I can recall people moving to the Soviet Union made news headlines and were labeled as defectors. Lee Harvey Oswald made headlines as a defector long before assassinating JFK.
How much has changed? If an American got a job offer would it be a big deal to move to Russia, Ukraine, or the other former Soviet bloc countries ? Is it it any more difficult than moving to Europe or Japan for a job?
One of my husband’s college buddies now lives and teaches in Kiev and is married to a Ukrainian woman. I don’t know how easy or hard it was for him to do, but he’s a regular guy and not a world-class athlete and he did it. Probably being a teacher and a native speaker of a desirable language helps.
In the first years after the fall of communism, a lot of American businessmen went to the former Soviet countries to seek their fortunes.
Before Putin’s cronies took over the country, it was considered a more business-friendly environment than many Western countries.
I don’t know if they intended to emigrate permanently, or if they just wanted to make a quick buck and then return home. (Then again, a lot of America’s immigrants never intended to stay permanently. Funny how life meddles with your plans.)
Shouldn’t be a big deal. I know a few Americans and other expats living in Moscow, and it didn’t seem to me to be any more difficult than working and living legally in Europe. It might actually have been easier. One was a journalist who worked for the Moscow Times and then went on to work in some think thank (he settled down with a Russian wife in Moscow), and another one was a publishing businessman/entrepreneur who moved there to work for various companies involved in developing business in Russia. Plus there’s your usual crowd of English teachers and the such.
This is disgusting.
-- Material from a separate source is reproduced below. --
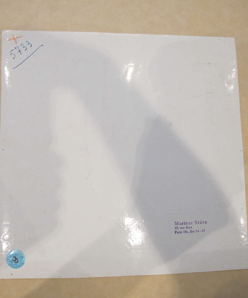 Verso: designer stamp, in ink: 5733, red "X", blue sticker: 8

Second thread on Russia that I viewed in the last 10 minutes, and not one “In Soviet Russia…” joke. There may as well not be a Russia if we can’t do better than that.
It is not at all unusual for American athletes to emigrate to other countries, if their skill level isn’t quite up to the level at which they can be remunerated professionals in the USA. There are even some former major league baseball players playing in the Dutch and Italian baseball leagues, and there have always been a smattering of them playing in Japan and Mexico. There is an entire industry of recruiters bringing American basketball players to many European countries.